BEGIN
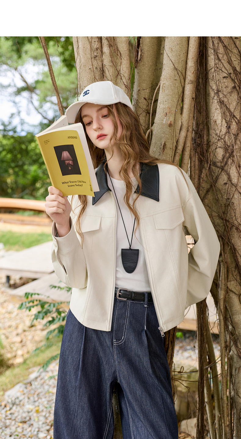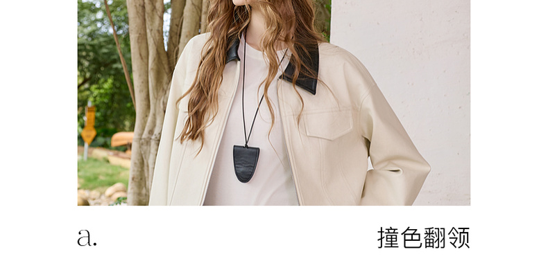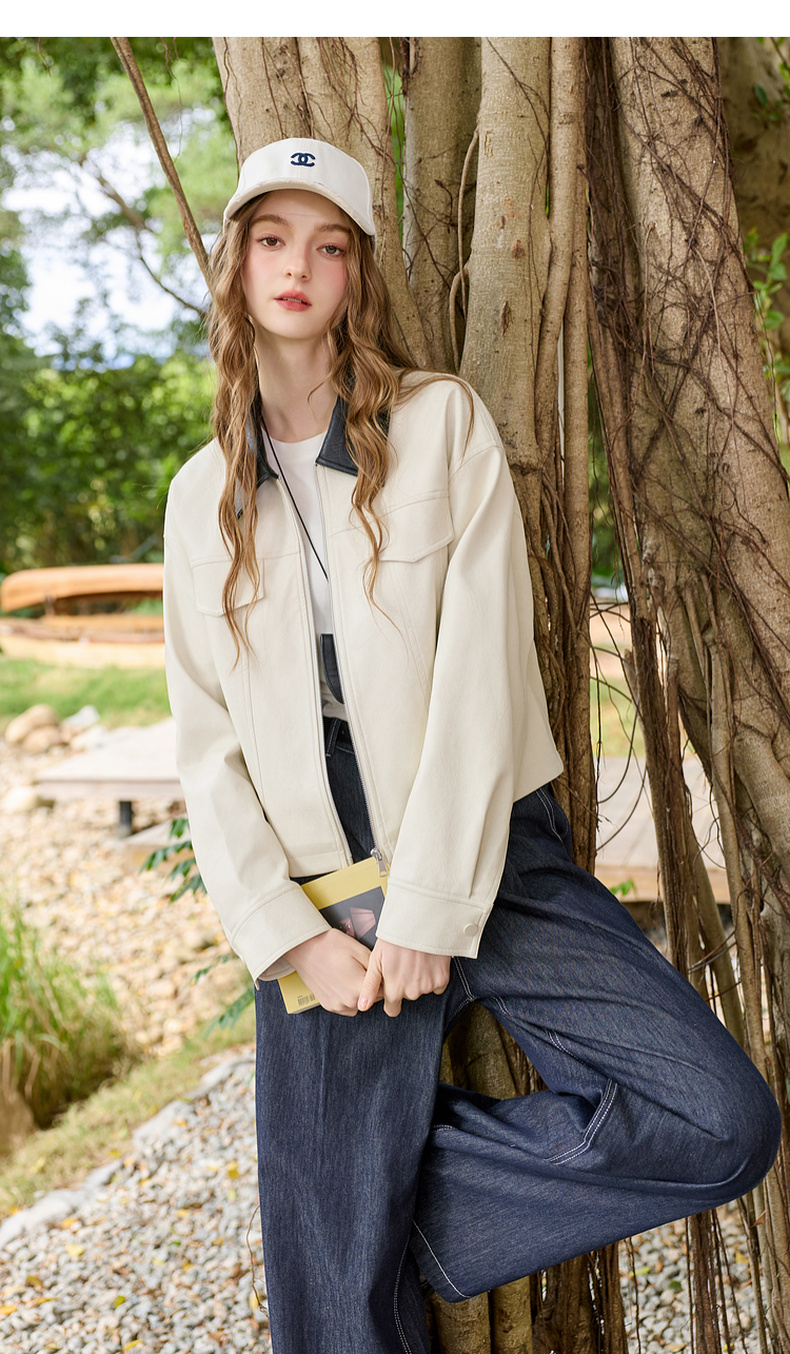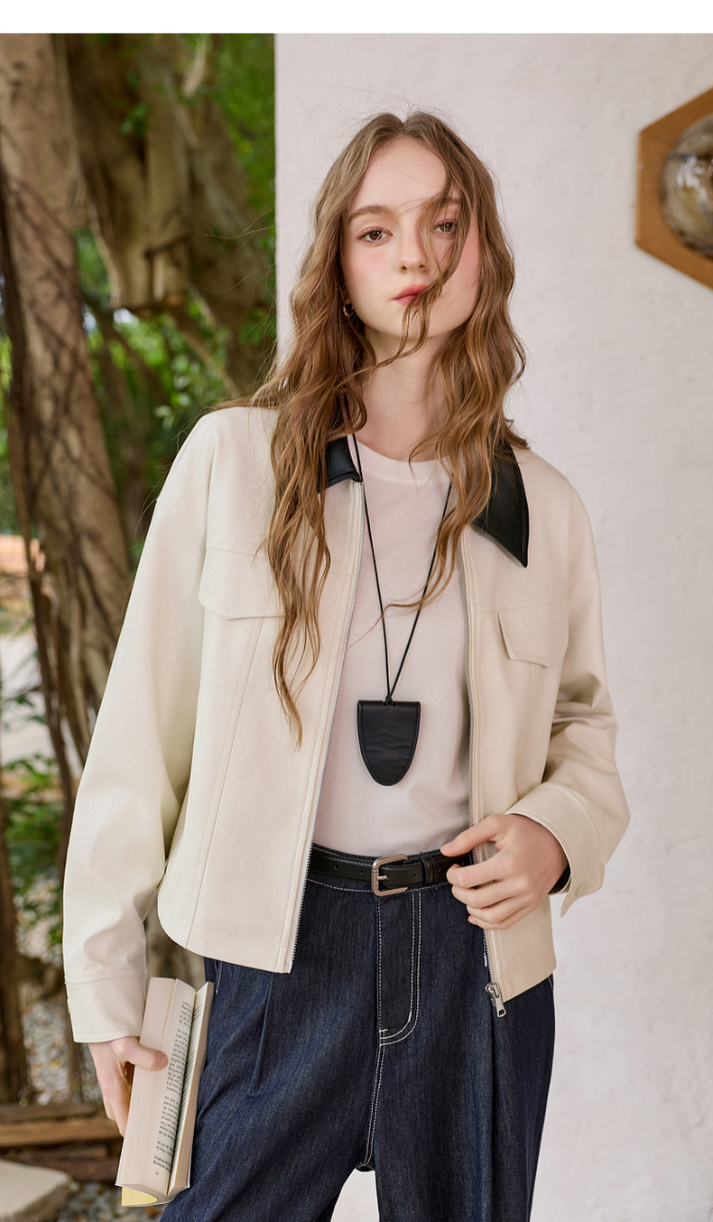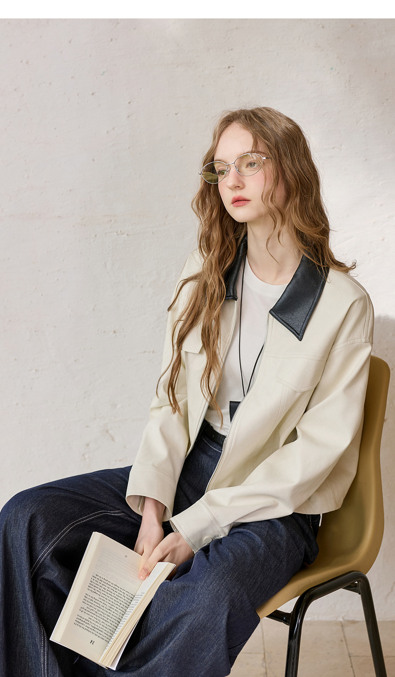 三彩2026春季新款宽松短款PU皮外套撞色翻领夹克上衣拉链开衫M
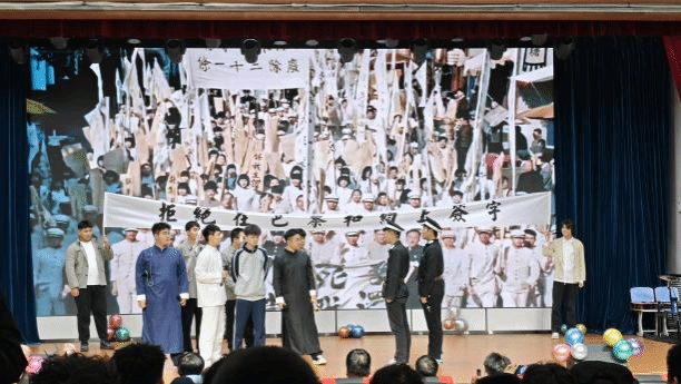 激昂的歌曲《着魔》余音未落,舞台的焦点已转向红色话剧《致青春》,演员们以饱满的热情,再现了五四运动中革命青年的热血担当;古典舞《念琵琶》随即以柔美的身韵登台,一颦一步间尽显含蓄婉约的东方之美;而创意改编剧《甄嬛传之内卷风波》接续登场,凭借诙谐的台词与夸张的表演,瞬间点燃全场欢笑。深情的革命叙事与轻松幽默的校园故事相得益彰,激昂的歌声与优美的舞姿交相辉映,既展现了航空学子多才多艺、全面发展的精神风貌,又通过多元化的艺术表达将现场气氛不断推向高潮。
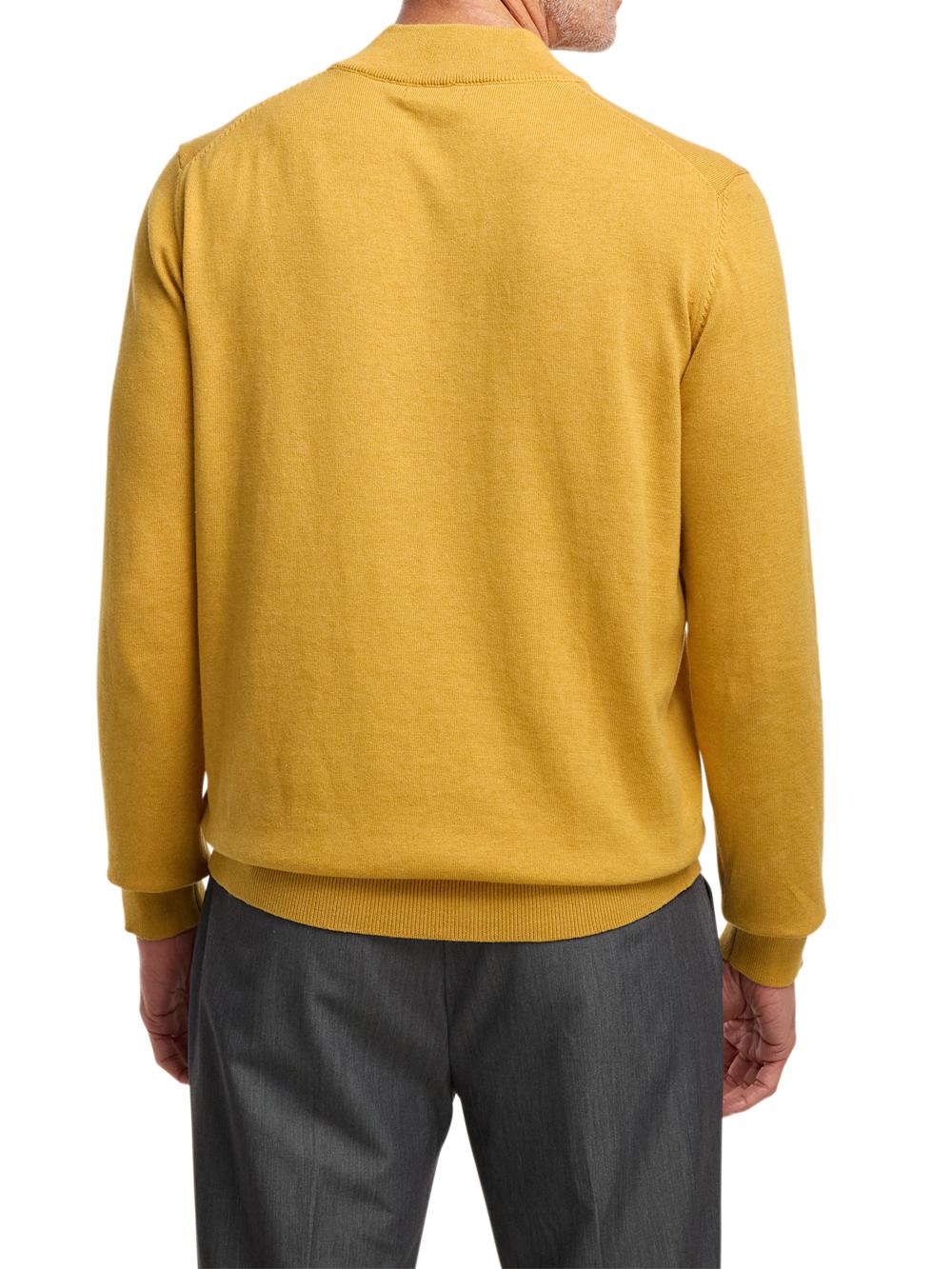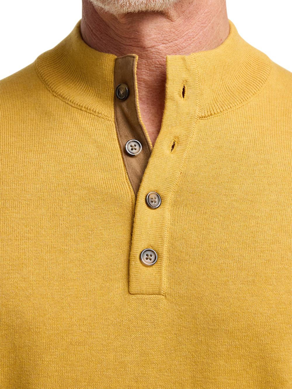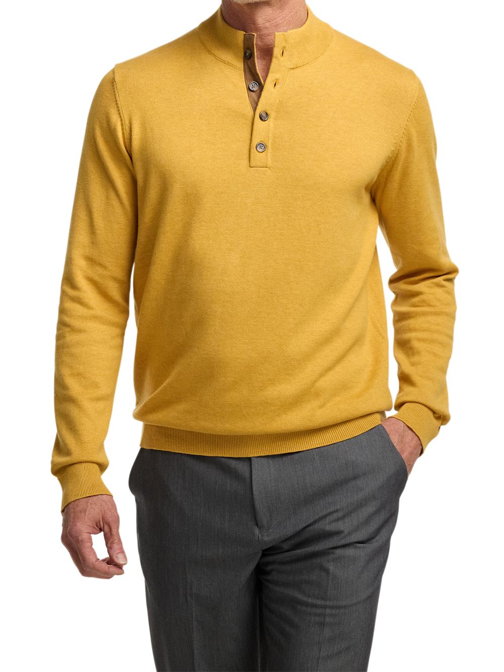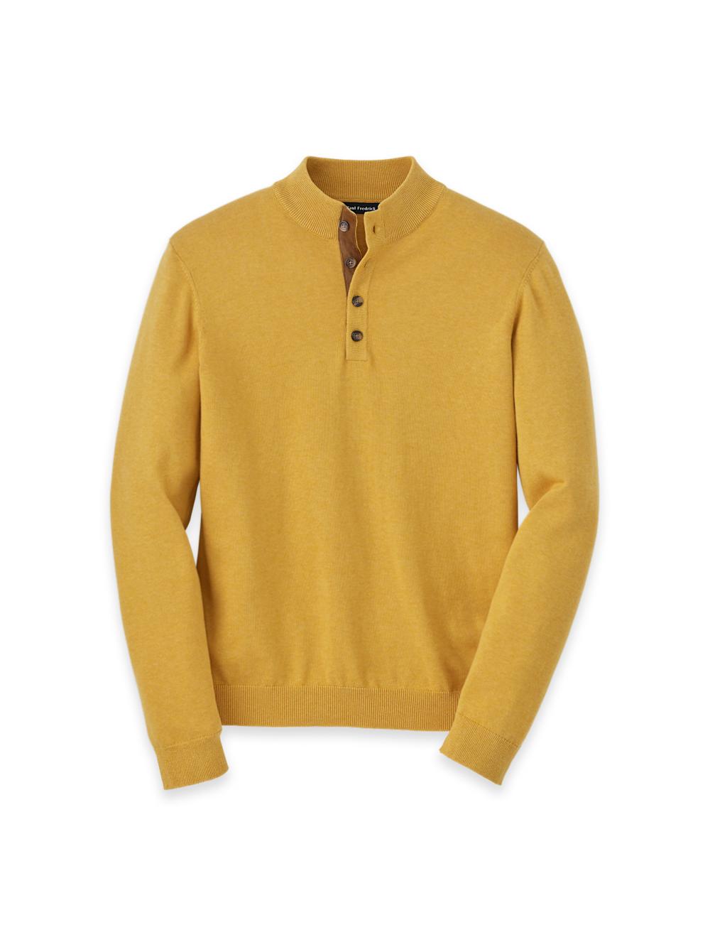 Supima Cotton Four Button Mock Neck Sweater - Mustard
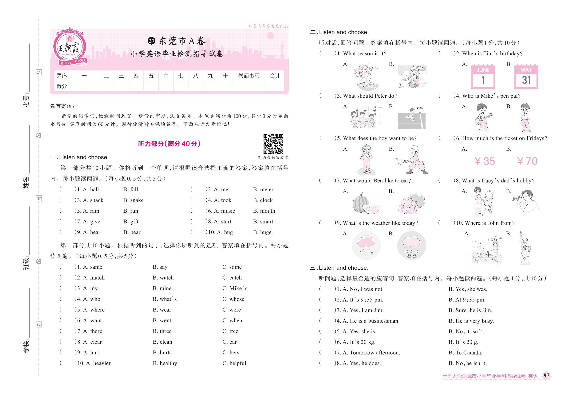 东莞市A卷小学英语毕业检测指导试卷【27】
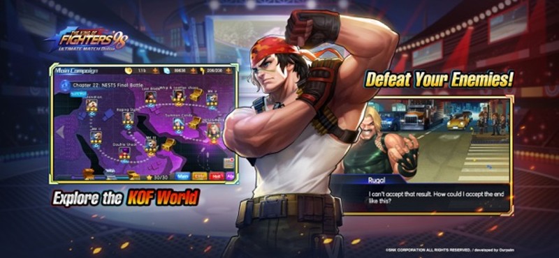 8 63%Game Brain Score63% User Score 162 reviewsThe battle fighting game "King of Fighters" is on the mobile phone with a brand new look! There are more than 150 fighters available and a massive number of NEO next-generation combat modes! Come and pursuit your victory with the strongest team compose with 6 fighters and 3 aid fighter! Login now and you can get the super popular fighter - Instinct Iori for free! ==Key Features == DECK BUILDING …
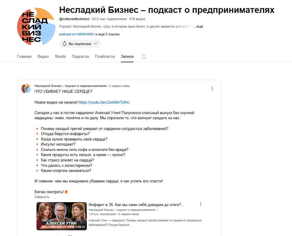 На главном видеохостинге глобальной сети можно публиковать и тексты: во вкладке «Сообщество» отображается лента записей. Конечно, в дополнение к видео. Без видео на YouTube заметным стать нельзя. Чтобы появилась возможность писать посты, необходимо сперва набрать 500 подписчиков.
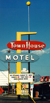 We're zooming across the interstate from California to Texas, pulling off I-10 in Deming just to get some gas. We only plan to leave a trail of dust after a moment or two, but when you find a Motel Drive, it's wise to drive slowly and get to know the town better. It's around five in the afternoon, no neon in site. But you can bet that, after dark, the galloping horses and pulsating stars are ready to cavort under the broad skies. Take our advice: if you've passed the sunset line and are trying to make time on the highway, pull off the interstate anyway and enjoy the show. Further east, in Las Cruces, we stop by the Townhouse Motel on another aptly named Motel Boulevard. An L shaped complex with red painted doors, the Townhouse is only one story high, but no one seems to care.
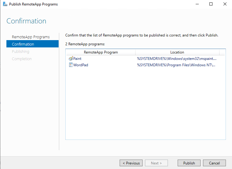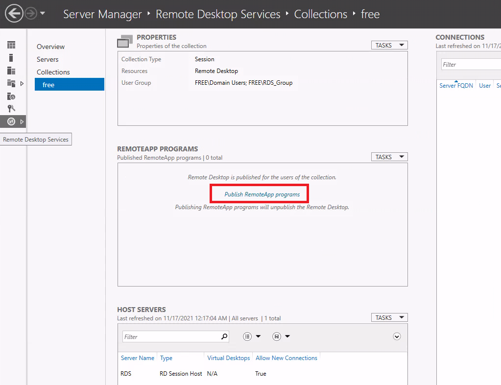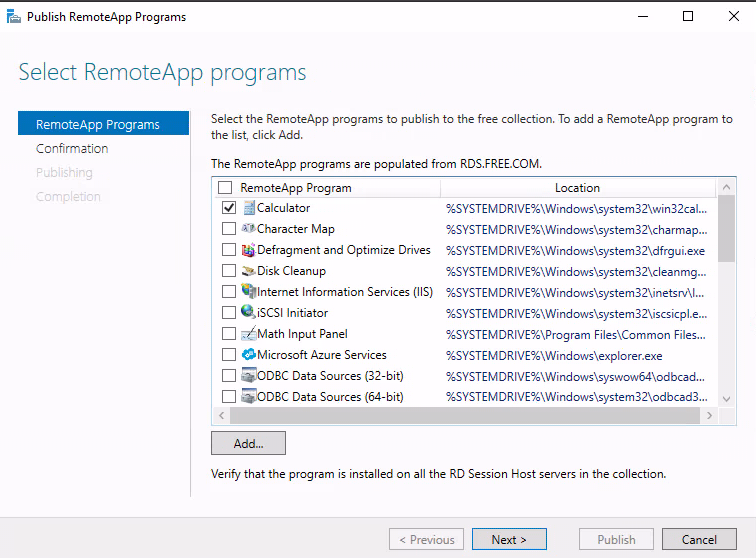 52) 생성한 컬렉션으로 이동해서 Publish RemoteApp programs를 선택합니다.
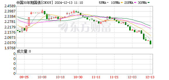 12月12日,30年期国债活跃券“24特别国债06”首笔成交收益率持平报2.055%,收盘报2.0425%。继10年期国债收益率在上周跌破2%之后(12日收报1.815%),30年期国债似乎也“破2”在即。
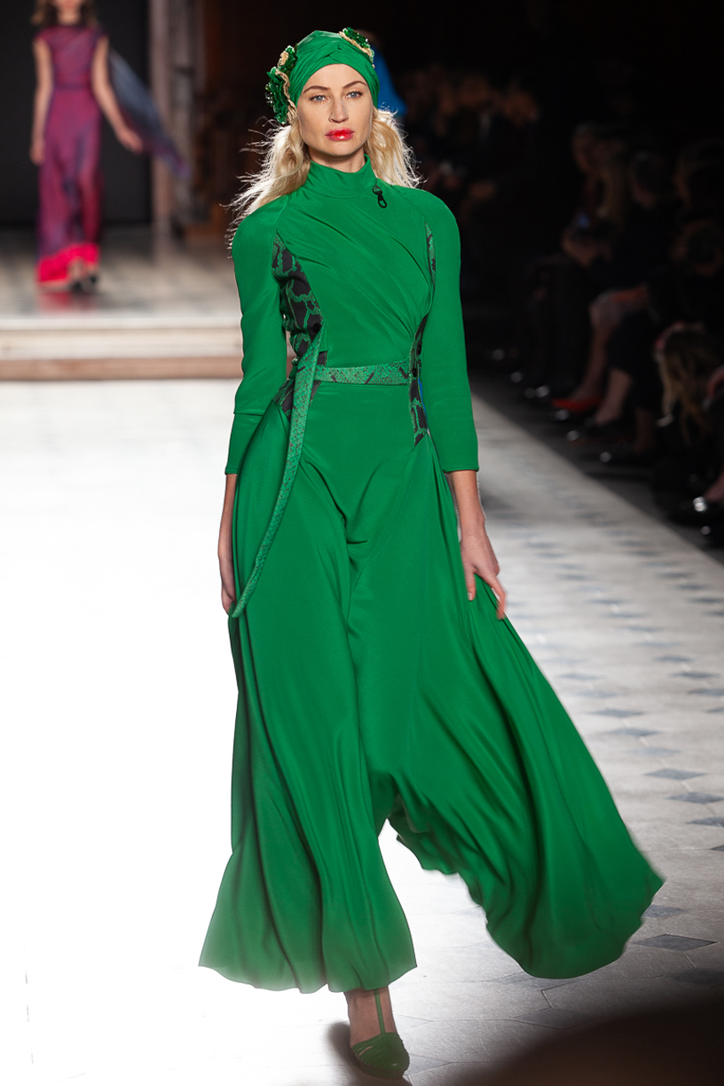 Les silhouettes se parent de robes de soirée en soie aux teintes vertes, violettes et kaki.
END
▶ _Exercise_:
Your answer should be the lines from the line containing "We're zooming across" through the end of the listing above, output exactly and alone, without the pictures.

▶ _Solution to the problem_:
 We're zooming across the interstate from California to Texas, pulling off I-10 in Deming just to get some gas. We only plan to leave a trail of dust after a moment or two, but when you find a Motel Drive, it's wise to drive slowly and get to know the town better. It's around five in the afternoon, no neon in site. But you can bet that, after dark, the galloping horses and pulsating stars are ready to cavort under the broad skies. Take our advice: if you've passed the sunset line and are trying to make time on the highway, pull off the interstate anyway and enjoy the show. Further east, in Las Cruces, we stop by the Townhouse Motel on another aptly named Motel Boulevard. An L shaped complex with red painted doors, the Townhouse is only one story high, but no one seems to care.
 52) 생성한 컬렉션으로 이동해서 Publish RemoteApp programs를 선택합니다.
 12月12日,30年期国债活跃券“24特别国债06”首笔成交收益率持平报2.055%,收盘报2.0425%。继10年期国债收益率在上周跌破2%之后(12日收报1.815%),30年期国债似乎也“破2”在即。
 Les silhouettes se parent de robes de soirée en soie aux teintes vertes, violettes et kaki.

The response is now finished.